Malware delivered via phishing

A ongoing phishing campaign has infected thousands of home and corporate users with a new version of the 'IceXLoader' malware.

The authors of IceXLoader, a malware loader first spotted in the wild this summer, have released version 3.3.3, enhancing the tool’s functionality and introducing a multi-stage delivery chain.

The discovery of the Nim-based malware came in June 2022 by Fortinet, when IceXLoader was in version 3.0, but the loader was missing key features and generally appeared like a work-in-progress.

Minerva Labs published a new post on Tuesday, warning that the latest version of IceXLoader marks a departure from the project’s beta development stage.

For a malware loader so aggressively promoted on the cybercrime underground, any development of this kind is significant and could lead to a sudden uptick in its deployment.

Current delivery chain

The infection begins with the arrival of a ZIP file via a phishing email containing the first-stage extractor.

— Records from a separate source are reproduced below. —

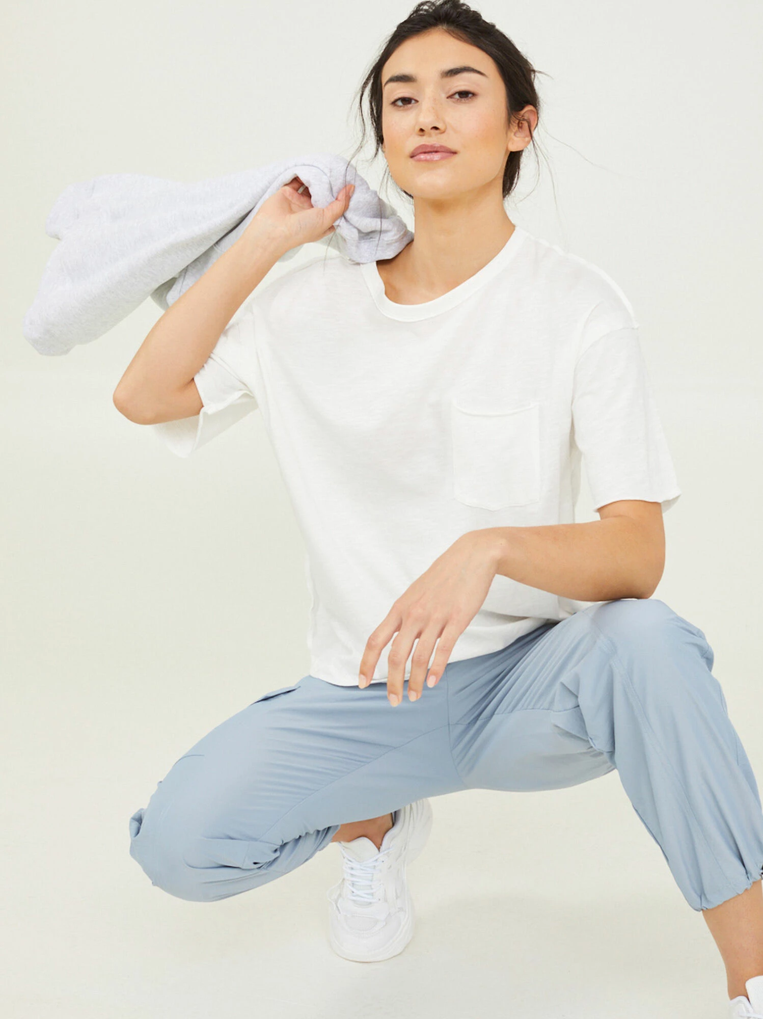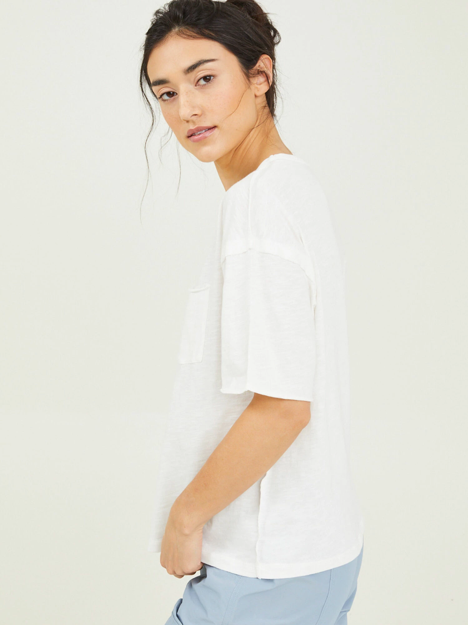 Meet your new all seasons staple top that effortlessly pairs with all your athleisure looks. The loose, oversized fit and side pocket give a relaxed style you will love under your favorite zip up hoodie or over a matching workout set!
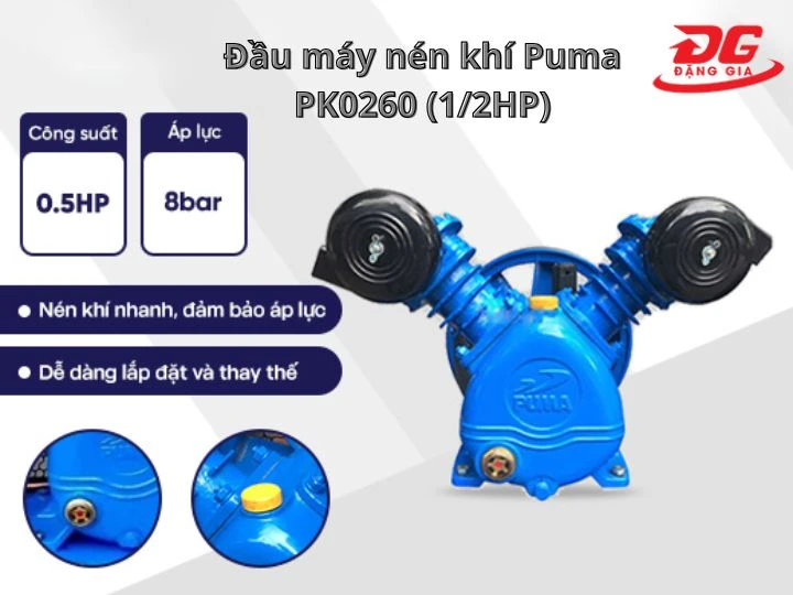 Nếu bạn đang tìm kiếm một đầu nén khí bền bỉ để thay thế linh kiện cũ hoặc tự lắp ráp máy nén khí cho xưởng gỗ, tiệm sửa xe, thì đầu máy nén khí Puma Đài Loan PK0260 (1/2HP) là lựa chọn rất đáng cân nhắc. Sản phẩm nổi bật nhờ khả năng nén khí nhanh, vận hành ổn định và tiết kiệm điện năng.
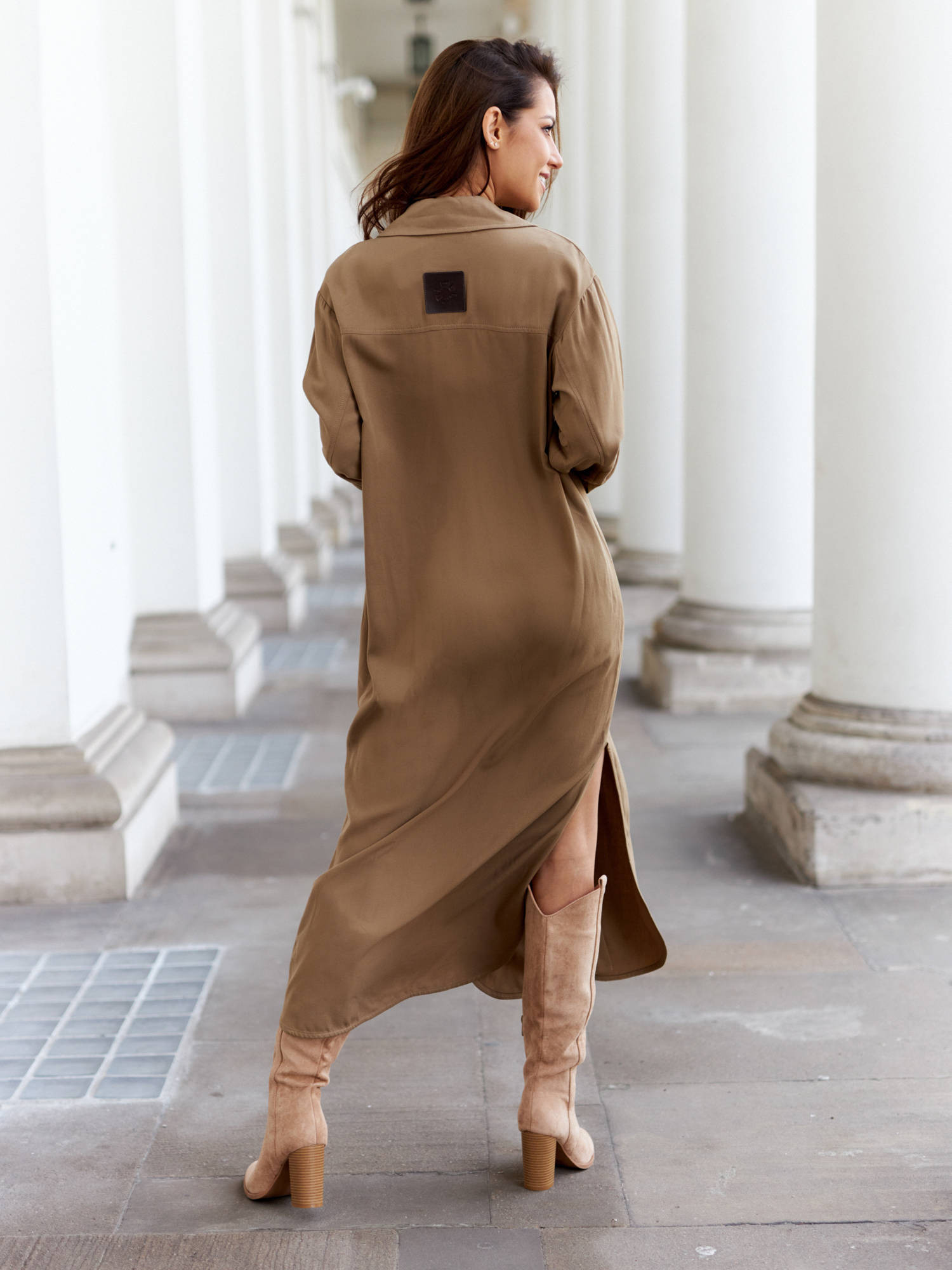 Fantastyczna maxi sukienka koszulowa z kolekcji LeMonada. Model wykonany z przyjemnej w dotyku bawełny z kołnierzykiem i klasycznym zapięciem na guziki. Efektowne rozcięcia po bokach.
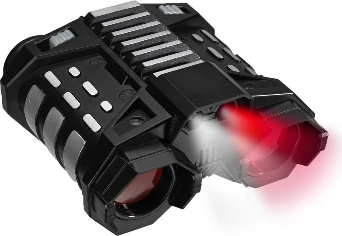 De Night Nocs van SpyX is onmisbaar op elke missie! Het is een verrekijker die je overdag en ’s nachts kan gebruiken voor al je geheime missies. Dankzij het sterke ontwerp kunnen ze al je missies aan. De verrekijker vergroot tot wel 2.5 keer. Zet het lampje boven je verrekijker aan dat tot wel 7.6 meter ver schijnt. Schakel over naar de stealth modus door het rode lampje aan te zetten in plaats van het witte. Batterijen: 2x AA, niet inbegrepen. Geschikt vanaf 6 jaar.
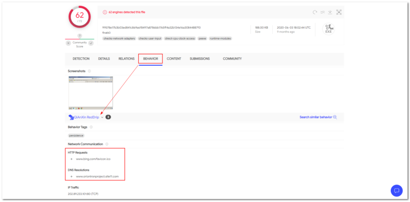 VirusTotal样本动态分析结果中集成的红雨滴云沙箱分析结果
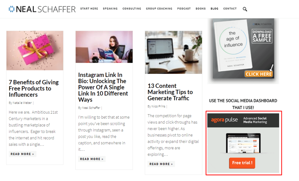 Let’s take a look at Neal Schaffer’s blog. As a business growth consultant who specializes in social media marketing. And he has collaborated with AgoraPulse, a social media tool, to get the best CTR and hence revenue.
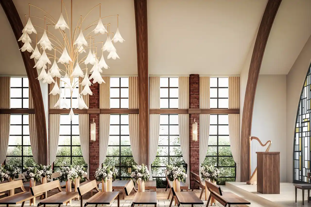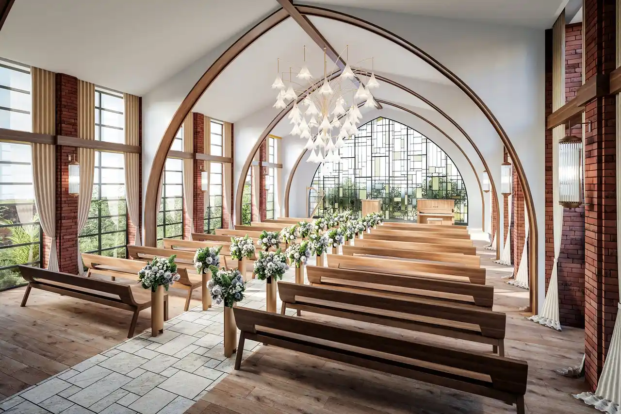 天井から自然光がたっぷりと降り注ぎ、窓からは緑が望めるチャペルをご用意しております。 木の温もりと正面のステンドグラスの輝きが、ふたりの誓いをやさしく包み込みます。 |
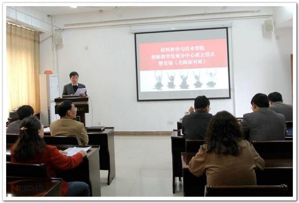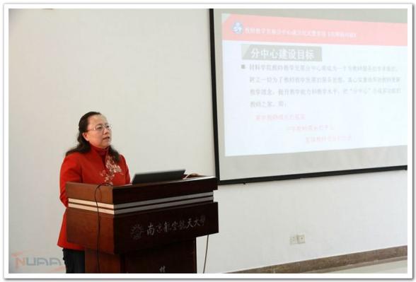 江爱华作了讲话。他指出,材料学院教师教学发展分中心是我校工科类学院中成立的第一个分中心。在我校本科教学优秀工程二期建设关键时期,希望材料学院以学生能力与素质的全面提升为一切教学改革的出发点和落脚点,深入发动教师、依靠教师,认真研究现代教育技术与课程教学的深度融合,在深化人才培养机制改革、研究性教学开展、校本Mooc课程开发等发面先行先试大胆探索,推行新的教育教学理念、新的教学方法、新的考核评价标准,切实提升课堂教学实效,推进教学模式改革。
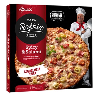 Papa Rafkin pizza Spicy&Salami 390g pakaste on valmistettu Suomessa.
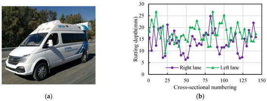 The ZOYON-RTM intelligent road comprehensive detection vehicle (Figure 2a) was used to identify the permanent deformation state of Changyu Expressway. The detection system uses high-frequency, high-precision line-scan imaging 3D data acquisition technology to automatically obtain permanent deformation depth. The detection speed was 35 km/h and the temperature in the field was 30 °C. The permanent deformation depth in the typical pavement segment selected is shown in Figure 2b. The permanent deformation depth on the Changyu Expressway ranges from 6.31 mm to 26.75 mm, and the average value is 15.79 mm.
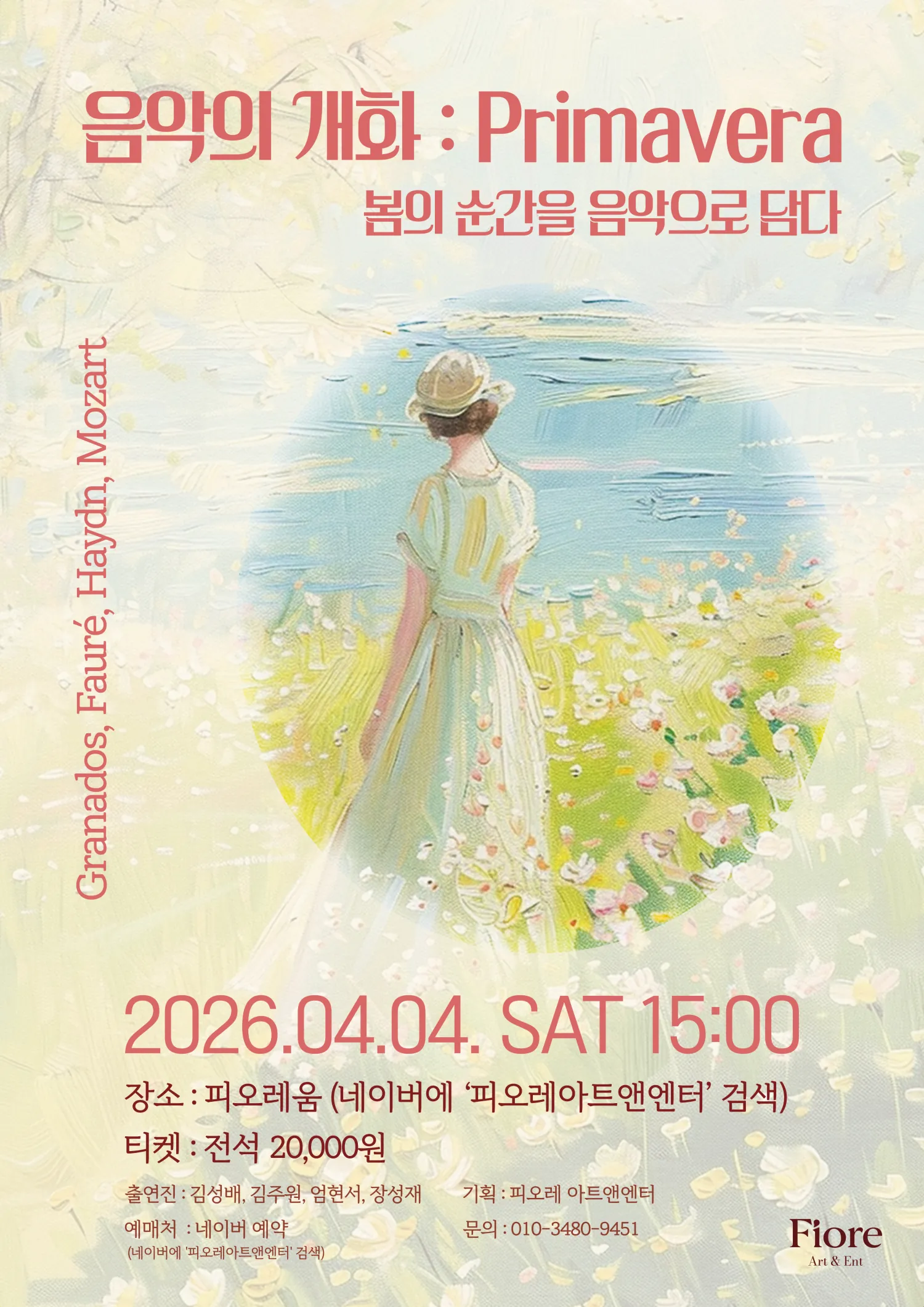 봄날의 산뜻함을 전달하는 모차르트와 그라나도스를 지나, 화성적으로 풍부한 하이든, 따스함 속 피어나는 침착함을 느끼게 하는 포레까지. 다채로운 레퍼토리를 통해 따스한 4월에 활짝 피어나는 음악을 들려드릴 예정입니다.
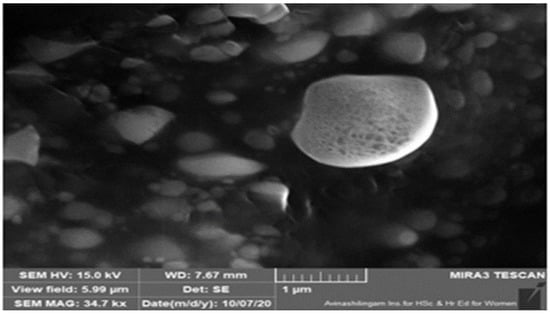 SEM was employed for the visualization of the vesicle morphology. A glass slide was covered with one drop of transferosomal preparation, which was then spread out and left to dry. The item was coated with gold using a cool spit coater after it had dried and was then visualized with a scanning electron microscope at a voltage of 10 KV [29,30].
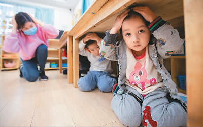 圖四:江蘇省南京市雨花臺區(qū)龍福幼兒園小朋友們學(xué)習(xí)防災(zāi)減災(zāi)自救技能。
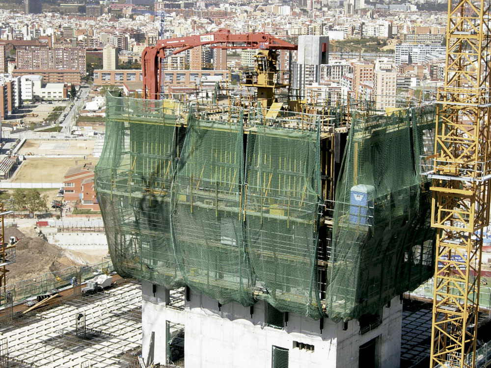 En la ejecución del encofrado exterior del edificio de oficinas, el Sistema Autotrepante ATR estaba compuesto por consolas que sirvieron de apoyo al encofrado unidas mediante un carro de retranqueo. Este sistema, accionado por un mecanismo de cremallera, separó los paneles del tabique en la fase de desencofrado. Dispone asimismo de un tensor que sirve para aplomar el encofrado y elementos de regulación que permiten posicionarlo tanto de forma vertical como horizontal. Mientras, el encofrado interior se resolvió con plataformas autotrepantes, pero a base de cerchas. Las cuatro plataformas de las que consta el sistema están comunicadas mediante escaleras que permiten moverse por la estructura con total seguridad.
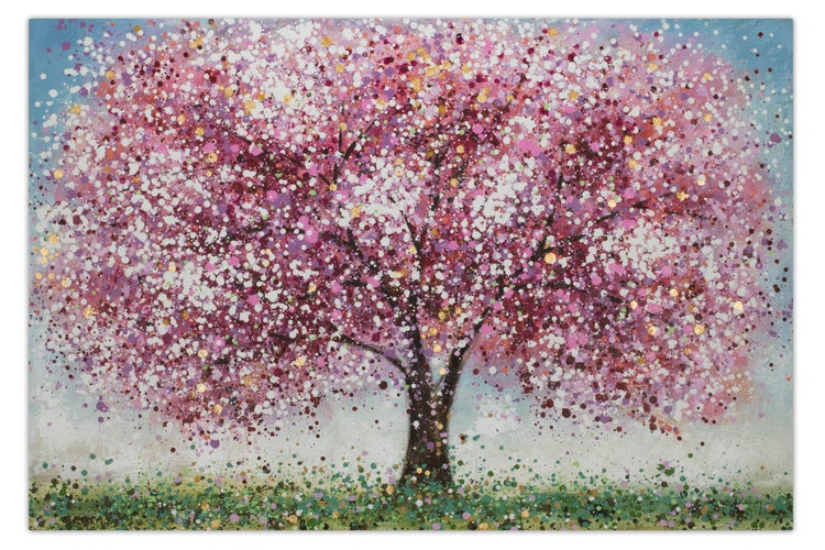 Auf dem imposanten Acrylgemälde 'Rooted Spirit' entsteht aus rosa Farbspritzern und Goldglanz ein blühender Baum in einer unglaublichen Größe. Unter einem blauen Himmelszelt stahlt das handgemalte Motiv pure Lebensfreude aus und verwandelt Ihr Esszimmer in einen Ort, an dem Sie ebenso wie Ihre Gäste sich in sommerlicher Leichtigkeit wohlfühlen werden. Ihr handgemaltes Gemälde erhalten Sie in der Größe 120cm x 80cm. Anders als bei minderwertigen Drucken auf Leinwand können Sie auf unseren Unikaten jeden Pinselstrich fühlen.

The extractor creates a new hidden folder (.tmp) under “C:\Users\<username>\AppData\Local\Temp” and drops the next-stage executable, ‘STOREM~2.exe.’

Then, depending on the extract settings selected by the operator, the infected system may be rebooted, and a new registry key will be added to delete the temp folder when the computer restarts.

The dropped executable is a downloader that fetches a PNG file from a hardcoded URL and converts it into an obfuscated DLL file which is the IceXLoader payload.

After decrypting the payload, the dropper performs checks to ensure it’s not running inside an emulator and waits 35 seconds before executing the malware loader to evade sandboxes.

Finally, IceXLoader is injected into the STOREM~2.exe process using process hollowing.

The complete infection chain
The complete IceXLoader infection chain (Minerva Labs)

New IceXLoader

Upon the first launch, IceXLoader version 3.3.3 copies itself into two directories named after the operator’s nickname and then collects the following information about the host and exfiltrates it to the C2:

  • IP address
  • UUID
  • Username and machine name
  • Windows OS version
  • Installed security products
  • Presence of .NET Framework v2.0 and/or v4.0
  • Hardware information
  • Timestamp

To ensure persistence between reboots, the malware loader also creates a new registry key at “HKEY_CURRENT_USER\Software\Microsoft\Windows\CurrentVersion\Run.”

For evasion, it uses a method of in-memory patching in AMSI.DLL, bypassing the Microsoft Windows Antimalware Scan Interface used by Windows Defender and other security products.

“The loader also creates and executes a .bat file which disables Windows Defender’s real-time scan and also adds exclusions to Windows Defender to prevent it from scanning the directory IceXLoader was copied to.” - Minerva Labs.

PowerShell commands to disable AV and add exemptions
PowerShell commands to disable AV and add exemptions (Minerva Labs)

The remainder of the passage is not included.